Does Cinch I.T. have sole discretion to approve or disapprove the sale of a Cinch I.T. Development Area?
Cinch_I_T Franchise · 2024 FDDAnswer from 2024 FDD Document
CH FRANCHISE, LLC Multi-Unit Dev. Agreement April 30, 2024
material default of this Agreement.
- (c) Any assignment, transfer or other disposition by You or Your affiliate of a single-unit CINCH I.T. Franchised Business within the Development Area will be governed by the Franchise Agreement to which the single-unit CINCH I.T. Franchised Business is bound.

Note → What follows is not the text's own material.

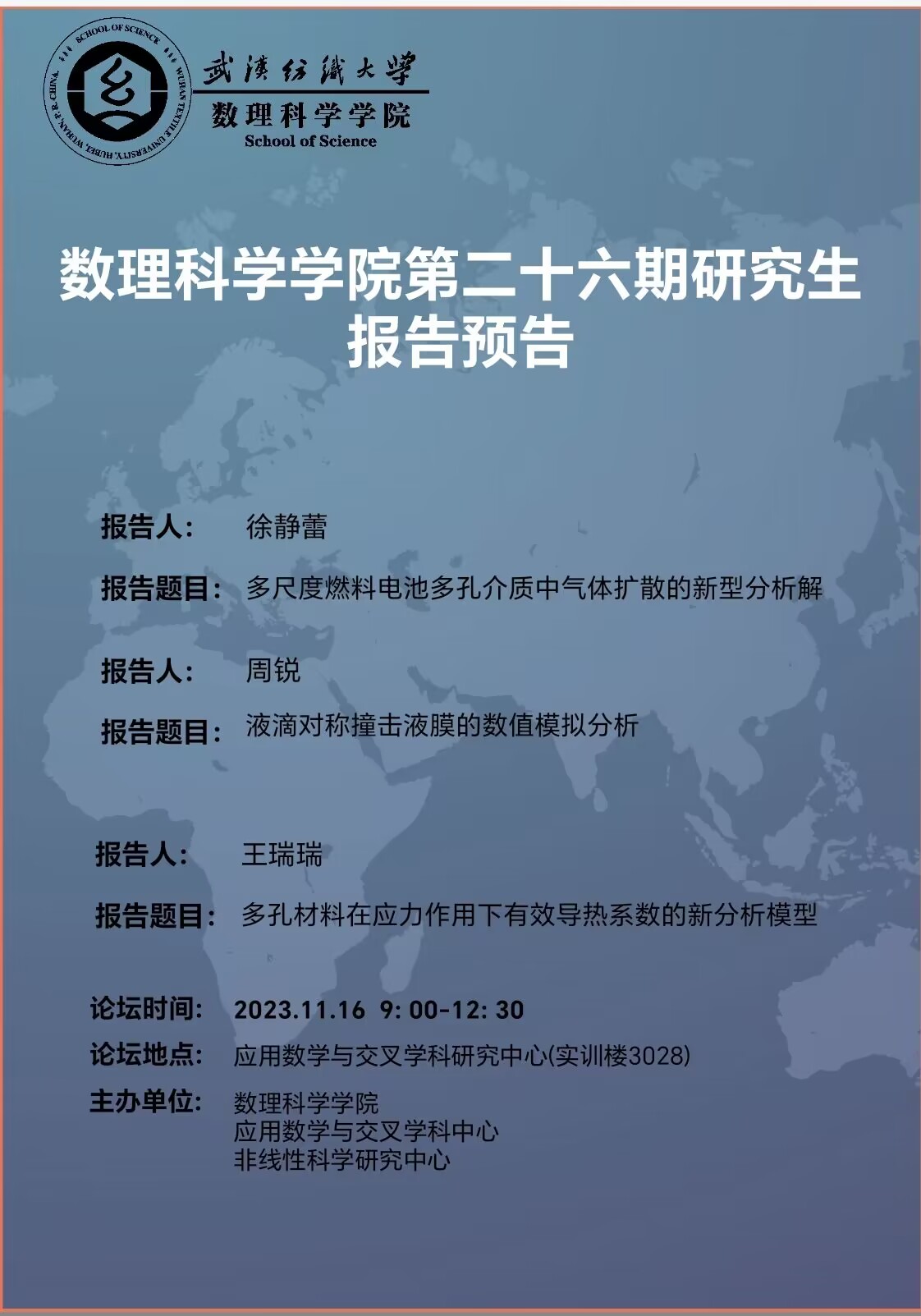 学术预告:第417期研究生学术论坛暨数理科学学院2023年第26期研究生学术论坛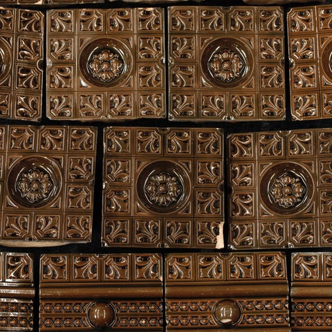 Brun rektangulär kakelugn med hylla - Fler skift finns

- (d) Subject to the other provisions of Section 8 herein, including Section 8.2(c) above and Section 8.2(e) below, if You wish to sell, transfer or otherwise assign any portion, or all, of the Development Area, You shall notify Us in writing, and We will then approve or disapprove the same in Our sole discretion, and in addition, We may require any or all of the following as conditions of Our approval:
- (i) All of Your and Your affiliates' accrued monetary obligations and all other outstanding obligations to Us, Our affiliates and suppliers must be fully paid and satisfied;
- (ii) You and Your affiliates must not be in default of any provision of Your Franchise Agreements, any amendments thereof or successors thereto, or any other agreement between You or Your affiliates and Us, Our subsidiaries or affiliates;
- (iii) You and each of Your affiliates, shareholders, members, partners, officers, managers and directors must sign a general release, under seal, the consideration for which shall be the approval of the transfer, in a form satisfactory to Us, of any and all claims against Us and Our affiliates, managers, officers, directors, members, shareholders and employees, in their corporate and individual capacities, including, without limitation, claims arising under federal, state and local laws, rules and ordinances;
- (iv) The transferee must enter into a written assignment, under seal and in a form satisfactory to Us, assuming and agreeing to discharge all of Your obligations under this Agreement and the relevant Franchise Agreement(s), and the transferee's principals, individually, shall guarantee the performance of all these obligations in writing in a form satisfactory to Us;
- (v) The transferee must demonstrate to Our satisfaction that the transferee meets Our then-current educational, managerial and business standards; possesses a good moral character, business reputation and credit rating; has the aptitude and ability to open and operate the CINCH I.T. Franchised Businesses (as may be evidenced by prior related experience or otherwise); has at least the same managerial and financial acumen required of new Multi-Unit Developers; and has sufficient equity capital, as determined by Us in Our sole discretion, to open and operate the CINCH I.T. Franchised Businesses required under the terms of this Multi-Unit Development Agreement;
- (vi) At Our option, the transferee must sign (and, upon Our request, shall cause all interested parties to sign), for a term ending on the expiration date of each
of the Franchise Agreement(s) and with the renewal term as may be provided by the Franchise Agreement(s), the standard form of Franchise Agreement, and concurrently sign, for a term ending on the expiration date of this Agreement, the standard form of Multi-Unit Development Agreement then being offered to new Multi-Unit Developers and any other ancillary agreements as We may require for the CINCH I.T.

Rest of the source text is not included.